Your looking at something like a Freddy 2 cage made by Savic or something similar. Think along those lines and you won`t go far wrong.


----------



## laoshu

I also would recomend a freddy 2 cage for two rats.
nice and easy to clean.. lots of space for floor toys and hanging hamocks, nice easy to open door.
They come up on ebay quite often secondhand if you dont mind second hand stuff ( most in in great condition) or lots of online shops sell them.

This is what I use for my young ones. :O)


----------



## juniorsil

mmm i must admit, i was very reluctant to buy it from argos :\ .. i saw the freddy 2 cage and it does look good, but it is rather tall lol .. mmm i think ebay will deffinately come in handy on this one.. since you have one though iaoshu, you can probably tell me about the space it takes up? obviously by pictures i cant see exactly how much space it would take up but it would be nice to hear from someone who actually owns one


----------



## laoshu

I keep all my rodents in the shed so space is not a issue with me.

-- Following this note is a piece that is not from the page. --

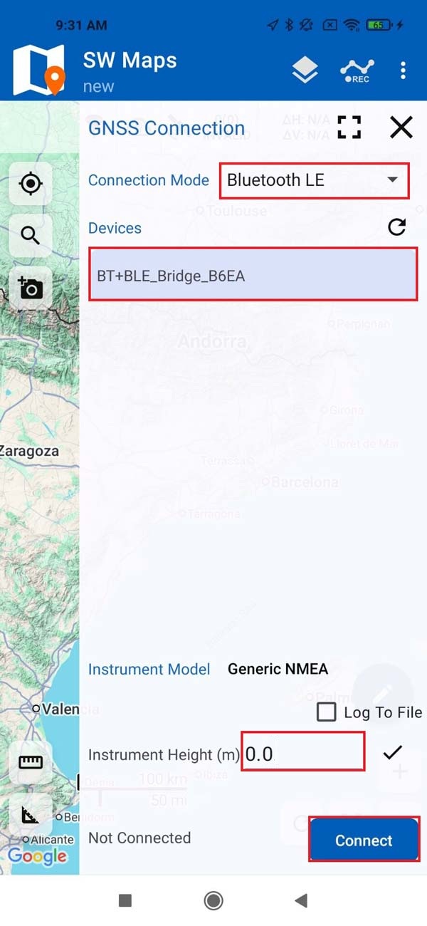 Under Devices, select the one you paired before. Set the Instrument Height according to the height of your pole or antenna, if you want to measure the location on the ground.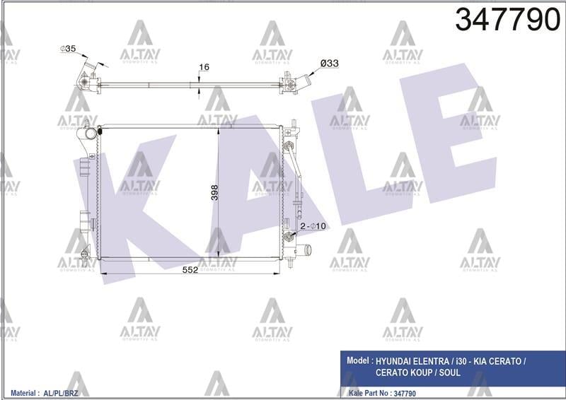 RADYATÖR SU ELANTRA 11-13 / I-30 12-16 / CERATO / SOUL 16mm A-T BRAZING (KLE-347790)

If you google freddy 2 cages you will see lots of ideas on how you can pack them full fo stuff and also in home enviroments to give you an idea of space.
link if it works

http://www.google.co.uk/images?rls=com. ... tbs=isch:1


----------



## racingmouse

If space is an issue within a room and you can`t compromise, then don`t keep rats. It`s unfair to keep them in a small cage just because it suits your spacial needs! Not being critical you understand, just looking at the bigger picture. I know all about cages taking up space because when I kept rats, I also had two glass gerbil tanks three foot in length and a mouse cage in my bedroom for a while until I downsized once some of my pets had passed on.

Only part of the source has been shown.